Per environment (see git / GCM / gh / Coder docs for exact commands):

  • macOSosxkeychain, or Git Credential Manager (Keychain-backed).
  • Windows / WSL — Git Credential Manager (Windows Credential Manager). From WSL you can bridge to the Windows GCM (credential.helpergit-credential-manager.exe).
  • Linux server (non-interactive) — a token in env from a protected .env, org-level SSH deploy keys (don't expire), or gh auth login device-flow.
  • Coder — don't configure a helper by hand: Coder injects tokens via GIT_ASKPASS from its external-auth providers (one per access source, declared in the template with data "coder_external_auth", which also gates workspace start). Use HTTPS source URLs so Coder matches them to providers by URL.
  • GitHub CLI (gh) — optional helper via gh auth setup-git; convenient on a server (device-flow) and in a worker (one token for both clone and gh pr create). Weaker for multi-org (built around one active account) and GitHub-only — handy, but not provider-neutral.

If a clone fails, agent-ctx aborts the build (fail closed) with the source URL and a hint to check your credential helper — never with any credential material.

Distribution & guardrails

The engine is published to the public npm registry and shared as a pinned dependency — never copy-pasted into a repo.

Releasing a new version (from this repo):

# keep src/version.ts in sync with package.json, then:
npm version 0.1.1            # bumps package.json + tags v0.1.1
git push --follow-tags       # the tag triggers .github/workflows/publish.yml

Consuming repos get these drop-ins from examples/:

Development

Setup

npm install

Running the CLI locally

You do not need to build to run the CLI. npm run dev executes the TypeScript source directly through tsx, so edit src/ and run immediately.

Pass CLI args after a -- (npm forwards everything after it to the script):

npm run dev -- <command> <args>          # e.g. init / build / status / refresh

The -- is required. Without it, npm eats the flags and the command silently does nothing.

Safe scaffold into a throwaway dir (never touches your home or global config — init only writes into the <place> you name, and is idempotent):

npm run dev -- init /tmp/agt-playground
# created: /tmp/agt-playground/.agent/manifest.yaml
# created: /tmp/agt-playground/.agent/context.md

Full multi-layer build against the bundled fixtures — a real registry + personal + org + repo wired up under test/fixtures/, so you can see composition end-to-end without inventing config:

npm run dev -- build test/fixtures/work/acme/api-service \
  --registry test/fixtures/registry.yaml \
  --personal test/fixtures/personal

This writes CLAUDE.md, GEMINI.md, .claude/, .gemini/, .mcp.json into the fixture place. They land as untracked files — discard them with git clean -fd test/fixtures/work/.

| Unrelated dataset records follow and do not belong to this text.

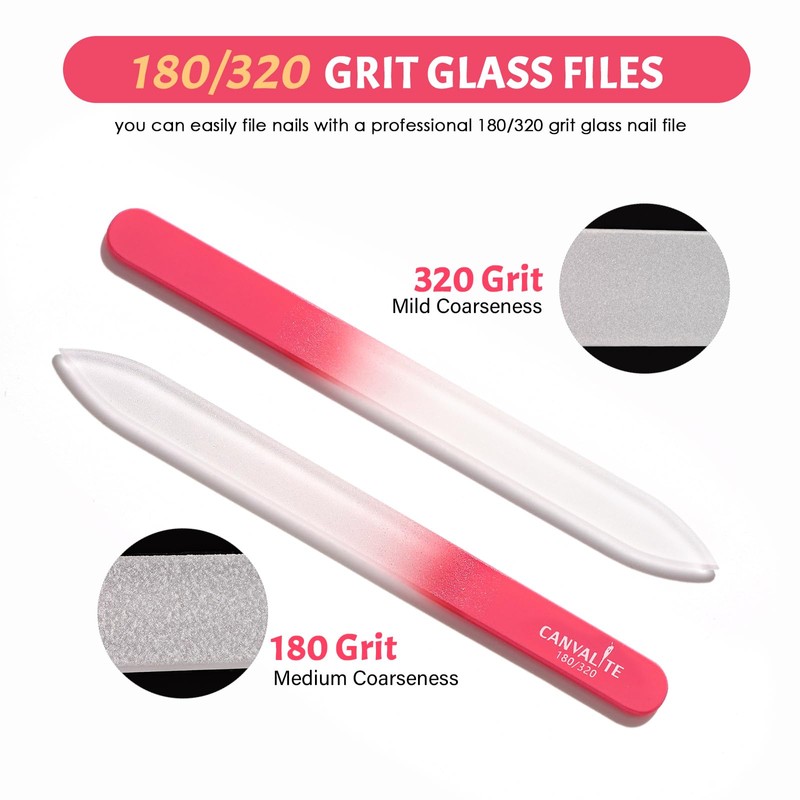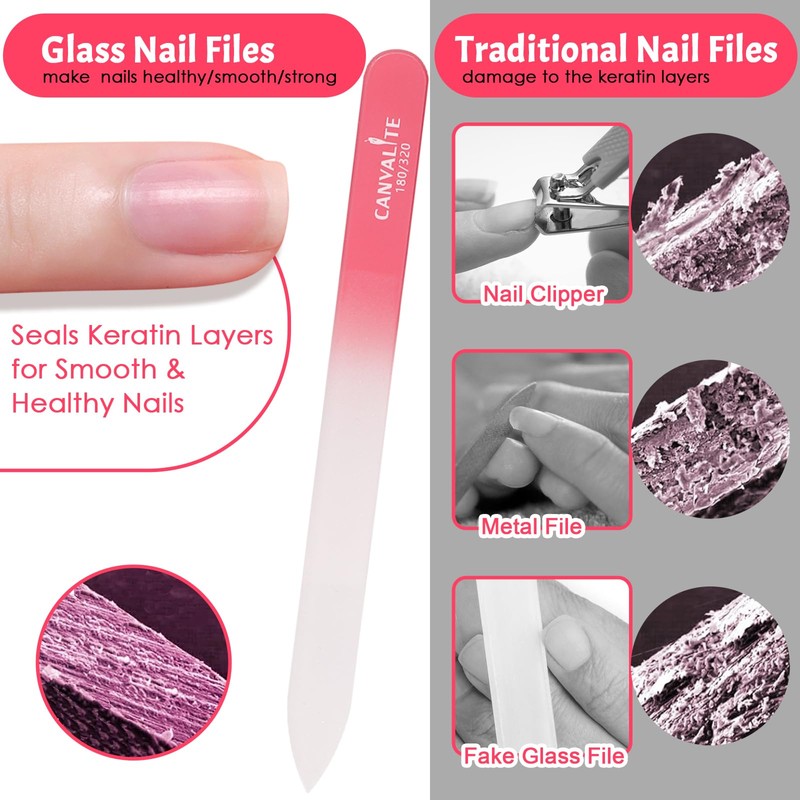 - 💘180/320 GRIT DOUBLE SIDED GLASS NAIL FILES: Glass nail files for natural nails are made of premium glass that is strong, durable and wear resistant. Nails are made up of a protective fibrous protein called keratin, which acts as a protective barrier and makes nails stronger. Using a CANVALITE crystal nail files can help you grow and keep your nails long, healthy and beautiful! Say goodbye to traditional nail files and try the crystal nail file for a luxurious nail care experience!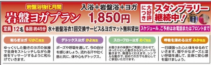岩盤ヨガプラン(入浴+岩盤浴+岩盤ヨガ)がセットで 1,850円!!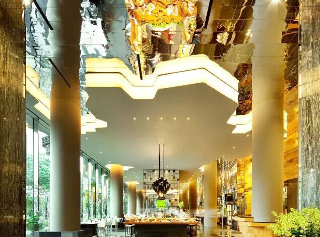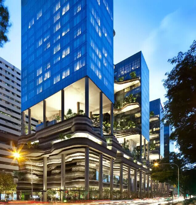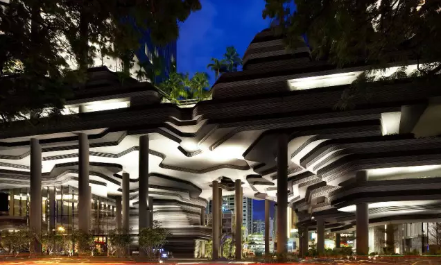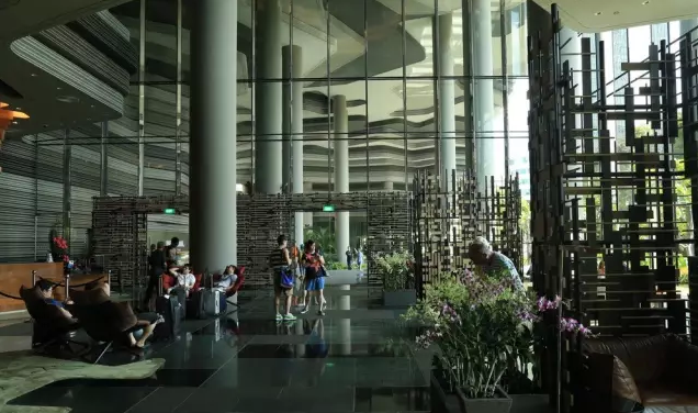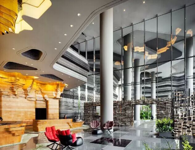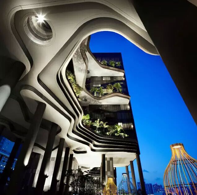 建筑流動(dòng)的幾何體給人一種高聳入云之感,塔樓每隔三層客房擁有懸挑的空中花園,上面種滿(mǎn)了熱帶植物,它已成為城市綠地的一部分,與鄰近公園融為一體。酒店擁有自我遮陽(yáng)功能,懸挑而出的空中花園和相鄰的三座酒店客房大樓都能起到遮陽(yáng)的作用,客房樓層立面采用低輻射玻璃。酒店頂樓的屋頂花園可將全城風(fēng)光一覽無(wú)余,獨(dú)家蘭花貴賓會(huì)所位處該層,并配有私人會(huì)議空間、圖書(shū)館和專(zhuān)用的貴賓會(huì)所門(mén)房。酒店五層設(shè)有可俯瞰城市的無(wú)邊界泳池,設(shè)備先進(jìn)的健身中心,特色的鳥(niǎo)籠休息涼亭及長(zhǎng)達(dá)300米花園走道。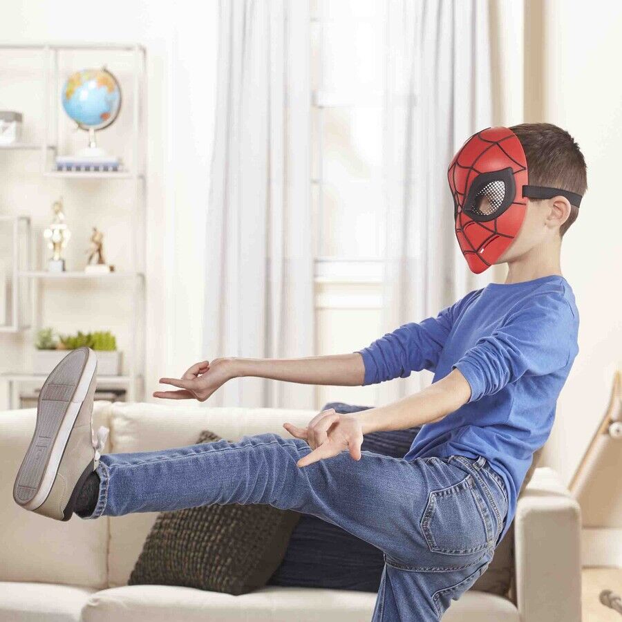 Peter Parker suits up as the amazing Spider-Man, swinging between buildings to take down his enemies! Kids can imagine swinging through the city like the web-slinging hero with this Spider-Man Hero Mask. The eye lenses feature dotted graphic detailing inspired by the appearance of Spider-Man's mask. Plus, the mask features a flexible band that fits most kids, so they can imagine joining the wall-crawling adventure. Superpowers not included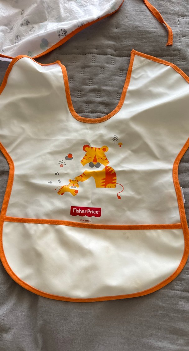 Turuncu kenarlıklı beyaz bebek önlüğü, üzerinde baskılı kaplan deseni bulunur. FisherPrice markalı, beslenme sırasında koruma sağlar.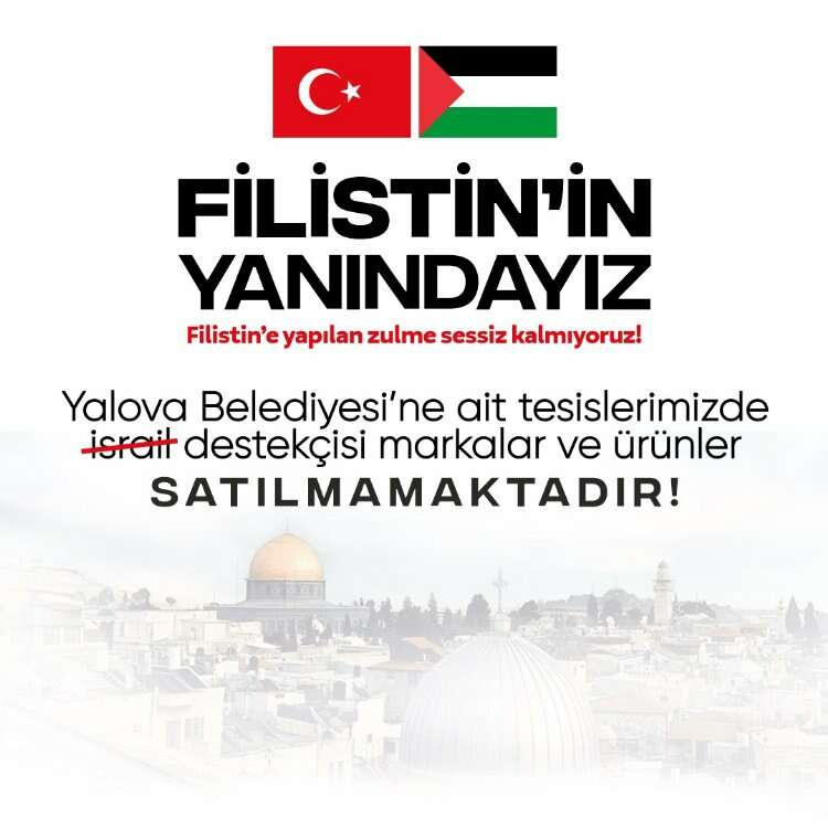 Ülke genelinde yapılan boykota, “Yalova Belediyesi’ne ait tesislerimizde İsrail destekçisi markalar ve ürünler satılmamaktadır” mesajı ile destek verdiğini belirten Başkan Tutuk, milli birlik bilinciyle İsrail marka ürünleri satın almayarak zulümlere karşı olduğunu dile getirdi. Tutuk, “Filistin’e yapılan zulme sessiz kalmıyoruz” diyerek halkı da bilinçli olmaya davet etti.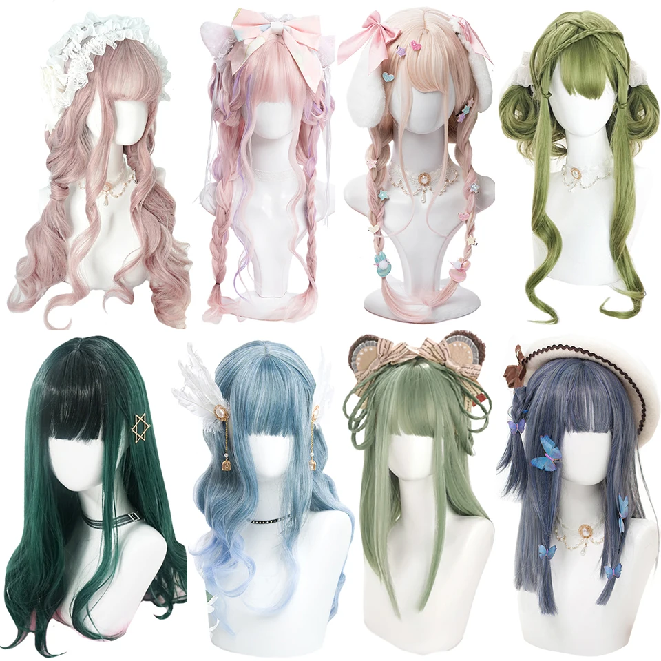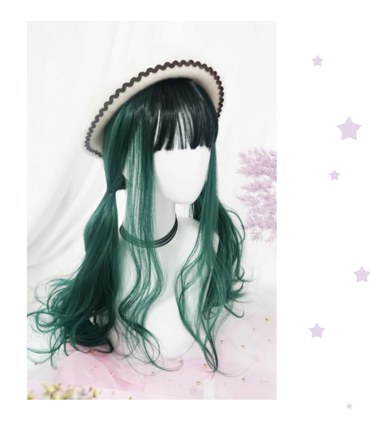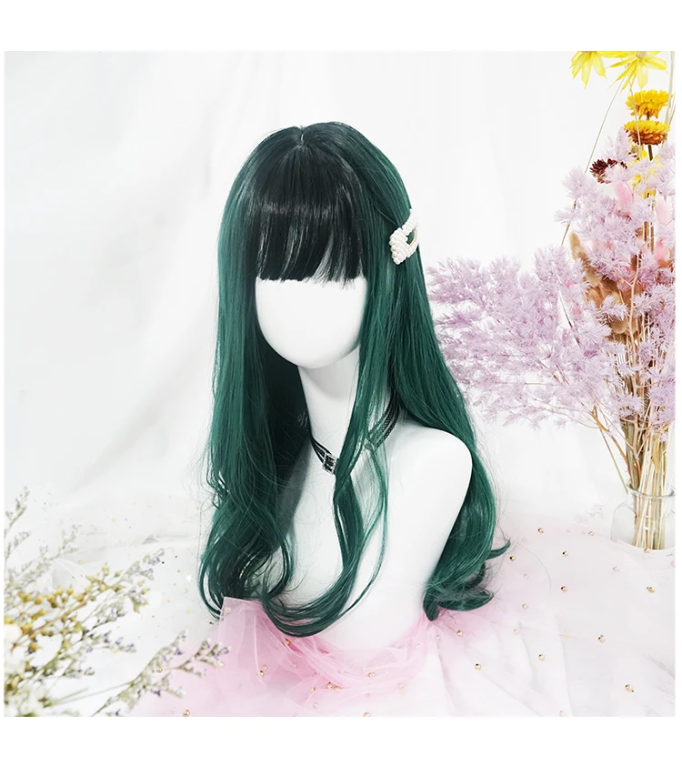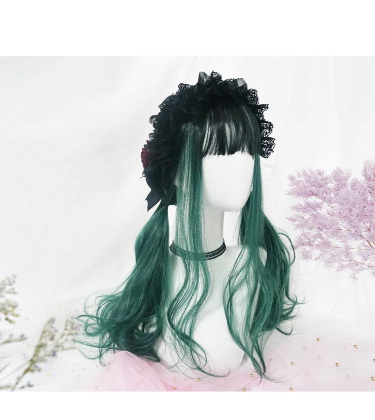 Синтетические длинные вьющиеся волосы TALANG, парики для косплея с челкой для женщин, темно-зеленые накладные волосы для вечеринок в стиле Лолиты, высокая температура

--registry / --personal also read from AGENT_REGISTRY / AGENT_PERSONAL, so you can export them once and keep commands terse:

export AGENT_REGISTRY=test/fixtures/registry.yaml
export AGENT_PERSONAL=test/fixtures/personal
npm run dev -- status  test/fixtures/work/acme/api-service
npm run dev -- build   test/fixtures/work/acme/api-service --check   # CI gate

Tip: keep all manual experiments under /tmp/... or test/fixtures/. Because init/build write only into the <place> argument, pointing them at a scratch dir means you can never clobber your real working tree.

Running the compiled binary

To exercise the published entrypoint (bin/agent-ctxdist/cli.js) you must build first:

npm run build               # tsc -> dist/
node bin/agent-ctx init /tmp/agt-playground

Test & typecheck

npm test           # vitest run — isolated, uses test/fixtures, no global writes
npm run test:watch # vitest in watch mode
npm run typecheck  # tsc --noEmit

Tests import modules directly (they never shell out to the CLI), so they need no build and have no side effects on your environment.